REGULATION OF THE OXIDATIVE BURST AND THE HYPERSENSITIVE RESPONSE IN TOBACCO CELLS CHALLENGED WITH ZOOSPORES FROM PHYTOPHTHORA PARASITICA VAR. NICOTIANAE
AJ ABLE1, MW SUTHERLAND1 and DI GUEST2
1Department of Biological and Physical Sciences, University of Southern Queensland, Toowoomba, Queensland 4350, Australia; 2Department of Botany, University of Melbourne, Parkville, Victoria 3052, Australia
Background and objectives
Superoxide production is measured by means of a new tetrazolium assay  and compared with hydrogen peroxide production (which was measured by both fluorescence techniques and the evolution of oxygen after the addition of catalase). ROS was produced specifically in the incompatible interaction immediately prior to the HR.

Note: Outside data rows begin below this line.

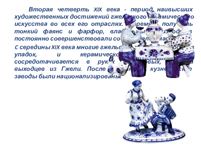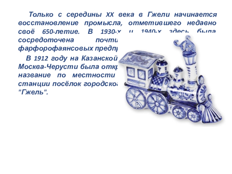 Слайд 7 Только с середины XX века в Гжели начинается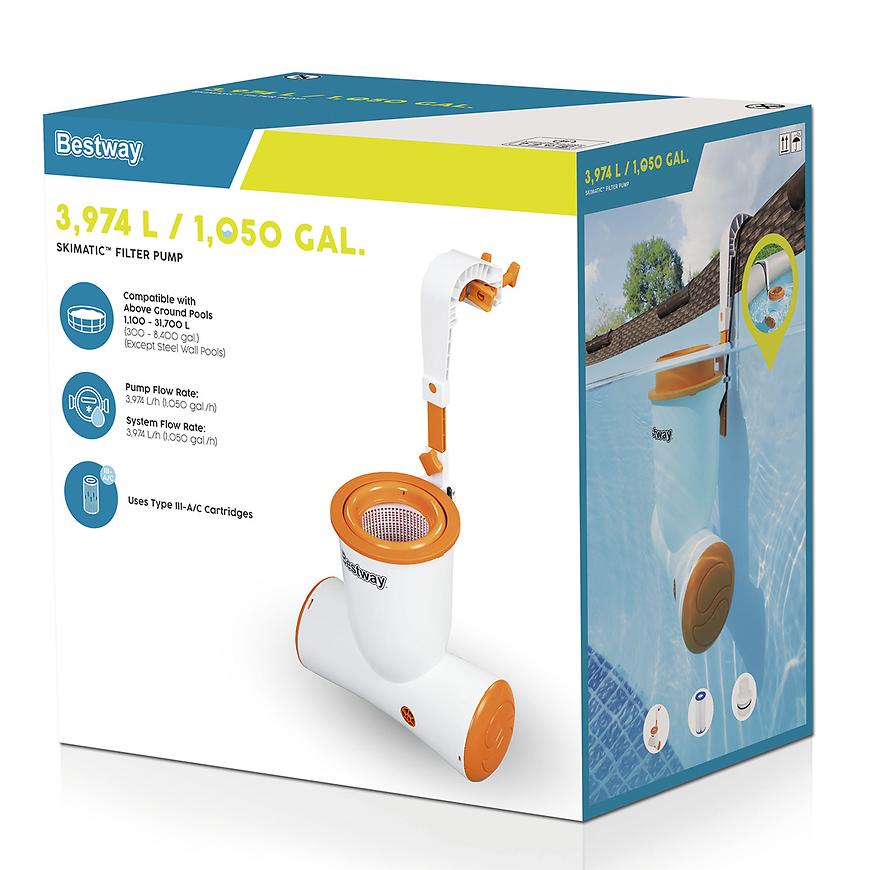 Pompa filtrująca Bestway® 3,974 L Skimatic™ to innowacyjne rozwiązanie, które integruje spieniacz powierzchniowy i pompę filtrującą w jednym zintegrowanym systemie. Dzięki temu, nie potrzebujesz dodatkowych węży – wszystko, czego potrzebujesz, znajduje się w jednym urządzeniu! Ta zaawansowana pompa jest łatwa do instalacji w basenie naziemnym, wystarczy zawiesić ją na brzegu, aby była całkowicie zanurzona w wodzie, podłączyć ją i obserwować, jak skutecznie czyści basen.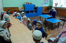 Буген безнен балалар бакчасында корбан ашы уздырылды. Махинур абыстай килеп корьэн укып ,дога кылды.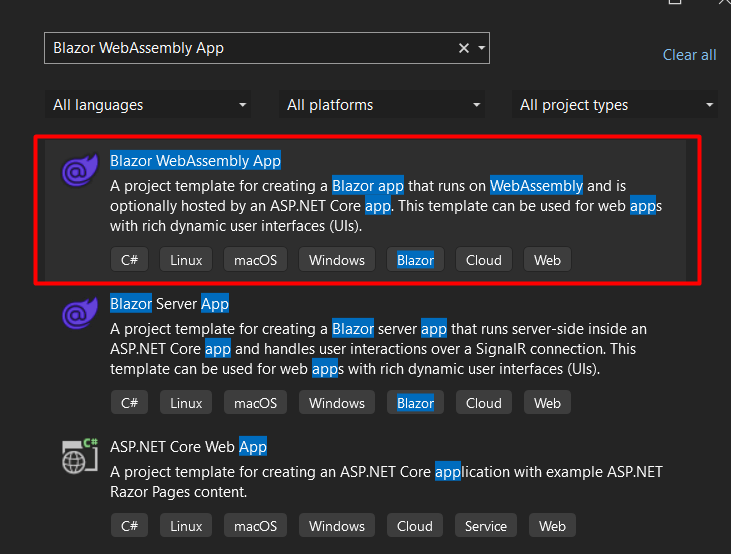 To create a Blazor app with Visual Studio, select the option to create a new project and select “Blazor WebAssembly App”: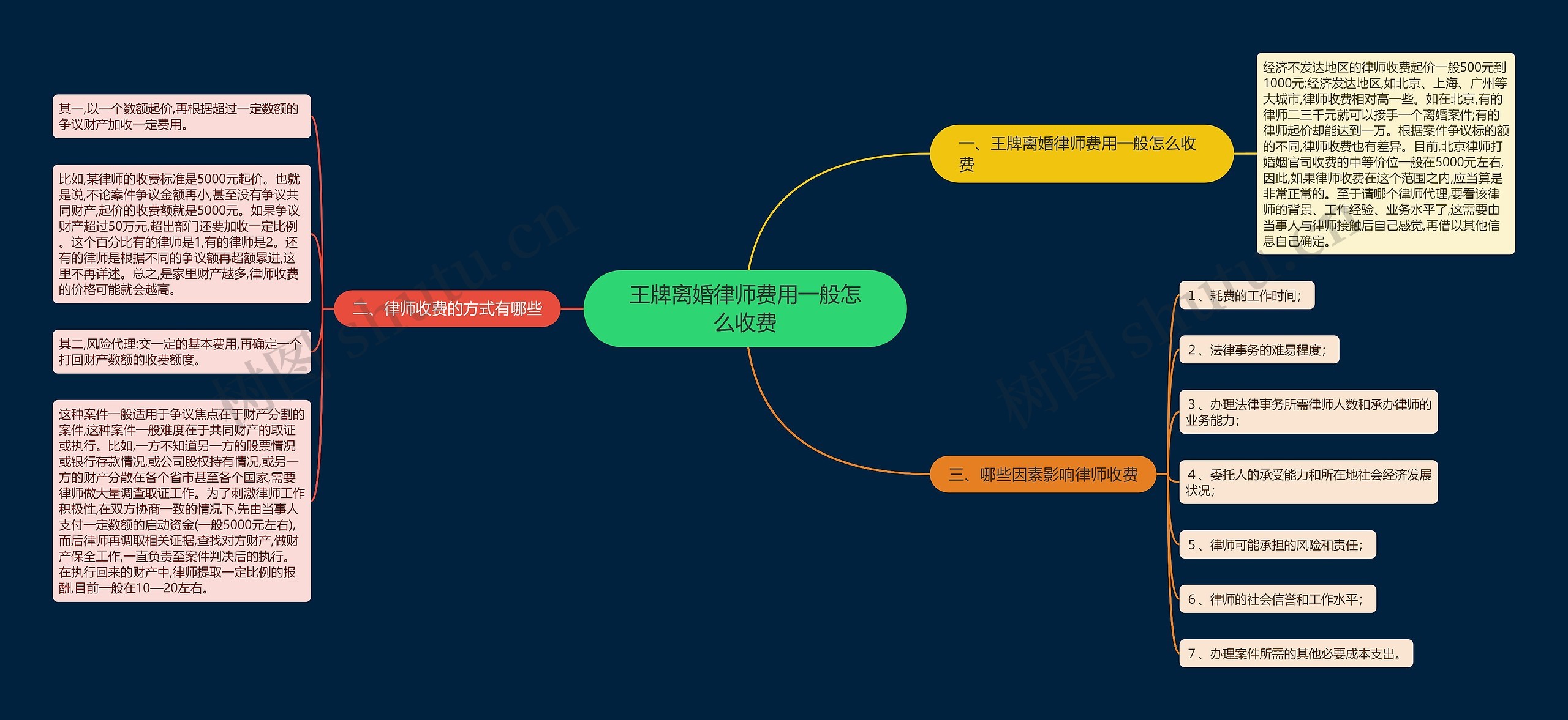 树图思维导图提供《王牌离婚律师费用一般怎么收费》在线思维导图免费制作,点击“编辑”按钮,可对《王牌离婚律师费用一般怎么收费》进行在线思维导图编辑,本思维导图属于思维导图模板主题,文件编号是:a8356654f0947a2de8de4629d704d903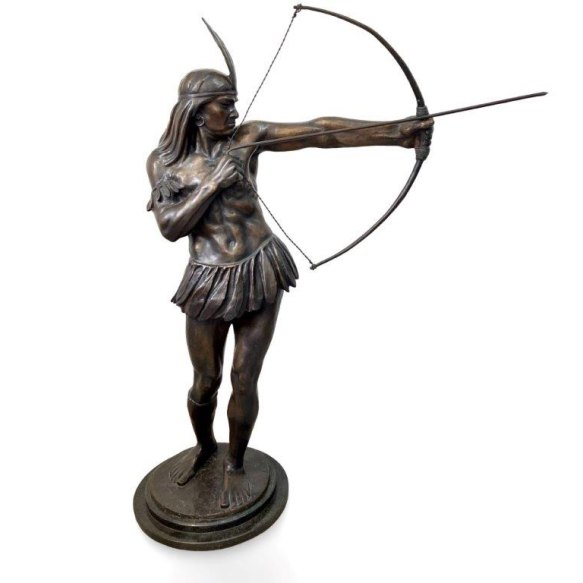 OTTONE ZORLINI – Índio com Arco. Escultura em bronze fundido e patinado, representando um índio em posição de disparar flecha, em gesto de tensão e equilíbrio que evidencia o domínio técnico e o olhar escultórico de Ottone Zorlini. Assinada na base: O. Zorlini. Dimensões: Altura 120,5 cm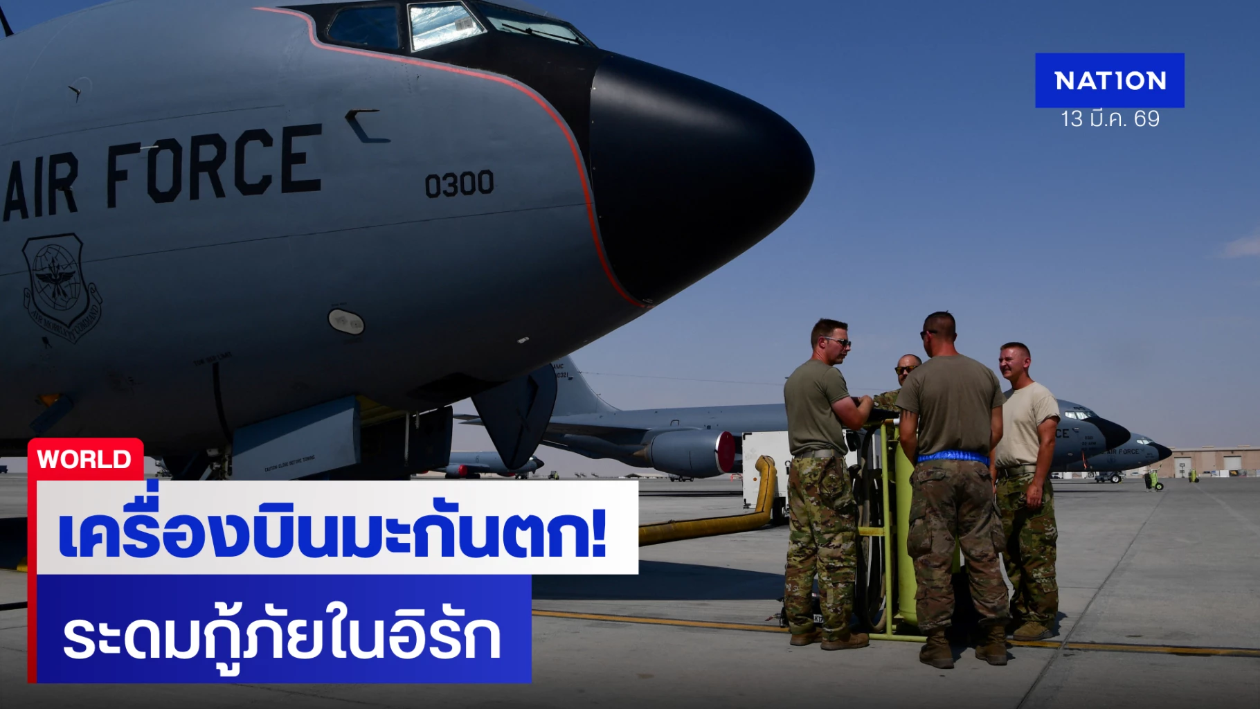 สำนักข่าวเอพี (AP) รายงานความเคลื่อนไหวล่าสุด เมื่อวันศุกร์ที่ 13 มีนาคม 2569 กองทัพสหรัฐฯ ออกแถลงการณ์ด่วนระบุว่า เครื่องบินเติมน้ำมัน (Refueling Aircraft) ของกองทัพได้ประสบอุบัติเหตุตกในพื้นที่ประเทศอิรัก ขณะนี้หน่วยกู้ภัยและทีมค้นหากำลังเร่งระดมกำลังลงพื้นที่เพื่อช่วยเหลือผู้ที่อาจรอดชีวิตอย่างเร่งด่วน

The involvement of calcium in ROS production and the HR was investigated. In addition, inhibitors of various host enzymes have been applied to the system to determine which host proteins are involved in ROS production.
Materials and methods
To indicate production of superoxide, the tetrazolium dye XTT is added and its reduction to XTT formazan monitored [3, 4] in the presence and absence of the superoxide scavengers superoxide dismutase (SOD) and Mn(III)desferal. Production of hydrogen peroxide was monitored using the fluorescent dye pyranine or an oxygen electrode.
Results and discussion
Exogenous calcium (CaCl2) had no significant effect on ROS production, but modulators of endogenous calcium did have a significant effect. EGTA (a chelator of Ca2+) and LaCl3 (a specific calcium-channel blocker) lower both ROS production and the extent of the HR in the avirulent response and during a non-specific elicited response, while the Ca2+ ionophore A23187 enhances ROS production. The effects of these compounds suggest a role for endogenous Ca2+ in ROS production and the HR.
DPI, a suicide inhibitor of mammalian NAD(P)H oxidase, completely inhibits the first superoxide burst but only partially inhibits the second burst and the HR in an avirulent interaction. Allopurinol, an inhibitor of xanthine oxidase, partially inhibits both bursts and the HR, but to a lesser extent, while SHAM, an inhibitor of cell-wall peroxidases, significantly inhibits both superoxide bursts and partially inhibits the HR. The possibility exists, therefore, that there is more than one source of superoxide during the respiratory burst. More than one source of superoxide also appears to exist during the respiratory burst of cells elicited non-specifically with glucans, while preliminary results of the hydrogen peroxide assays further support this possibility.